▶ _Exercise objective_
Pictures are to be excluded. Please print only the lines from the one containing "月間利用者数5,500万人を" through the end of the data, exactly as they appear.

▶ _Data extract_

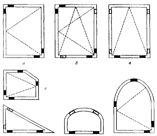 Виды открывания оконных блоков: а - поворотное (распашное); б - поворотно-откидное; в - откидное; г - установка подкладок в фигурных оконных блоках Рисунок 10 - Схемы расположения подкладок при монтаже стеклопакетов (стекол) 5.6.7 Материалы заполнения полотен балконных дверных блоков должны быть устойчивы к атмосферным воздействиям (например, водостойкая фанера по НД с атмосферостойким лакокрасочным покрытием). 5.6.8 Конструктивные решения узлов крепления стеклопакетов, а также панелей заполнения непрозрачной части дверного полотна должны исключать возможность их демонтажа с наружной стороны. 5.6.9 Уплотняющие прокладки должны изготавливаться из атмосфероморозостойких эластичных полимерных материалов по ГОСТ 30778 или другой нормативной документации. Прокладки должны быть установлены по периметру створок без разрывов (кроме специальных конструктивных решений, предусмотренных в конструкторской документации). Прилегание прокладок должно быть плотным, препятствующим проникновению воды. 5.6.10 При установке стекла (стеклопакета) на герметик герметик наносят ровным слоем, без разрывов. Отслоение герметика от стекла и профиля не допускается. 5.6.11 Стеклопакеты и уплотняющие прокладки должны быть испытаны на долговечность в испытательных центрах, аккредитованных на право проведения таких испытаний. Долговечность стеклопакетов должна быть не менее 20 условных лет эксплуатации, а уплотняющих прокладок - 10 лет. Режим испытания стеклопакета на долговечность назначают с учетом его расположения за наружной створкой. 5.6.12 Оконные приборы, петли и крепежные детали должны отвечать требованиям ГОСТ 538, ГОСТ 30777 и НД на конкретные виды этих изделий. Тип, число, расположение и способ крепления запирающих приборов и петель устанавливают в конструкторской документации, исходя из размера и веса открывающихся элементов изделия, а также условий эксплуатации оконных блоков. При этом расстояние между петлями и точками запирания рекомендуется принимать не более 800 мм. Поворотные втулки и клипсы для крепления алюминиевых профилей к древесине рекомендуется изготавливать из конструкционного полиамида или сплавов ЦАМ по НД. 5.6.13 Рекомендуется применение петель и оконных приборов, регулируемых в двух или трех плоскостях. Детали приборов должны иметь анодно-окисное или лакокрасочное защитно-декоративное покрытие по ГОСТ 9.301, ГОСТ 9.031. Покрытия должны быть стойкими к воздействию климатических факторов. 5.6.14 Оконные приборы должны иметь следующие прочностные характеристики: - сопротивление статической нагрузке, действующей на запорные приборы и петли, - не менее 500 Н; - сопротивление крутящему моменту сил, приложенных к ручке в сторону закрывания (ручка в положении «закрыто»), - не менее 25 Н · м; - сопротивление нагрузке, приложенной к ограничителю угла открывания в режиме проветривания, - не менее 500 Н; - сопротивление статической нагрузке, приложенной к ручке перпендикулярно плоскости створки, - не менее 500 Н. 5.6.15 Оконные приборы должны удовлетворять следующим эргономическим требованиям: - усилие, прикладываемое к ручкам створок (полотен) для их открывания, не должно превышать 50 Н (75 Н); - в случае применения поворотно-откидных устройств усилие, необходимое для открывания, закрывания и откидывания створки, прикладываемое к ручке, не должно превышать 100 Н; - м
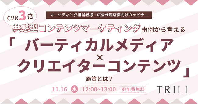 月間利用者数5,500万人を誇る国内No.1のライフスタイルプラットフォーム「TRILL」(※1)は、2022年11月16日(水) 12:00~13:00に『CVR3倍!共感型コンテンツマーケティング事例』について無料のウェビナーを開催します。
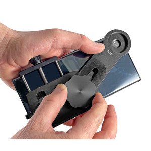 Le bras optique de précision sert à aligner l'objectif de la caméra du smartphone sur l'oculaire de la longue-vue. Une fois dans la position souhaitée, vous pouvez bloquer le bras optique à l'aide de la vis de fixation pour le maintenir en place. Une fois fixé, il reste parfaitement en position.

▶ _Task answer_
 月間利用者数5,500万人を誇る国内No.1のライフスタイルプラットフォーム「TRILL」(※1)は、2022年11月16日(水) 12:00~13:00に『CVR3倍!共感型コンテンツマーケティング事例』について無料のウェビナーを開催します。
 Le bras optique de précision sert à aligner l'objectif de la caméra du smartphone sur l'oculaire de la longue-vue. Une fois dans la position souhaitée, vous pouvez bloquer le bras optique à l'aide de la vis de fixation pour le maintenir en place. Une fois fixé, il reste parfaitement en position.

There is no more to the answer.